++++ DATA
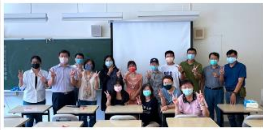
中華地理山溪河社產業協會成立開幕典禮 (左二) 與該系系友成立合照
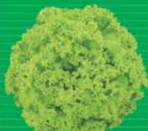
Alface Crespa Solaris
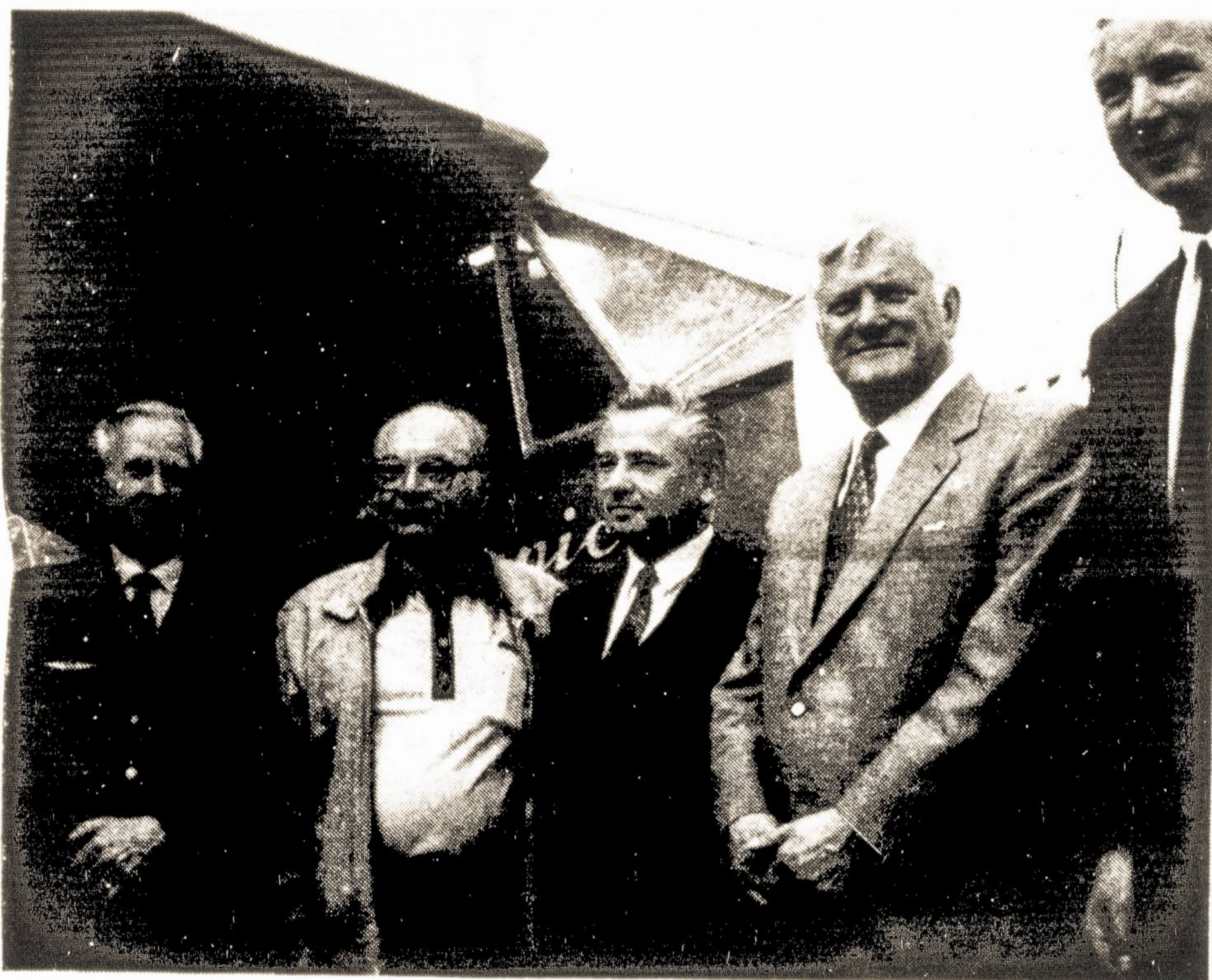
Aleksoto aerodrome, po simbolinio skrydžio, su Lietuvos prezidentu A. Brazausku, min. pirm. A. Šleževičiu ir simboliniu žvilgsniu į erdves.

Išlipusius iš Lituanicos, mudu pasveikino prez. A. Brazauskas, buv. AT pirm. V. Landsbergis, min. pirm. A. Šleževičius. Prezidentas mudviem įteikė po gėlių puokštę, puikų albumą "Einu per Lietuvą" ir apdovanojo specialiu Dariaus ir Girėno medaliu "Už nuopelnus Lietuvos aviacijai". Lietuvos banko valdytojas R. Višokavičius įteikė po naująją Dariaus ir Girėno 10 litų monetą.
++++++++
WHAT TO PRODUCE =>
Please copy the data above exactly; the pictures do not belong in the copy.

ANSWER SPACE =>
中華地理山溪河社產業協會成立開幕典禮 (左二) 與該系系友成立合照
Alface Crespa Solaris
Aleksoto aerodrome, po simbolinio skrydžio, su Lietuvos prezidentu A. Brazausku, min. pirm. A. Šleževičiu ir simboliniu žvilgsniu į erdves.

Išlipusius iš Lituanicos, mudu pasveikino prez. A. Brazauskas, buv. AT pirm. V. Landsbergis, min. pirm. A. Šleževičius. Prezidentas mudviem įteikė po gėlių puokštę, puikų albumą "Einu per Lietuvą" ir apdovanojo specialiu Dariaus ir Girėno medaliu "Už nuopelnus Lietuvos aviacijai". Lietuvos banko valdytojas R. Višokavičius įteikė po naująją Dariaus ir Girėno 10 litų monetą.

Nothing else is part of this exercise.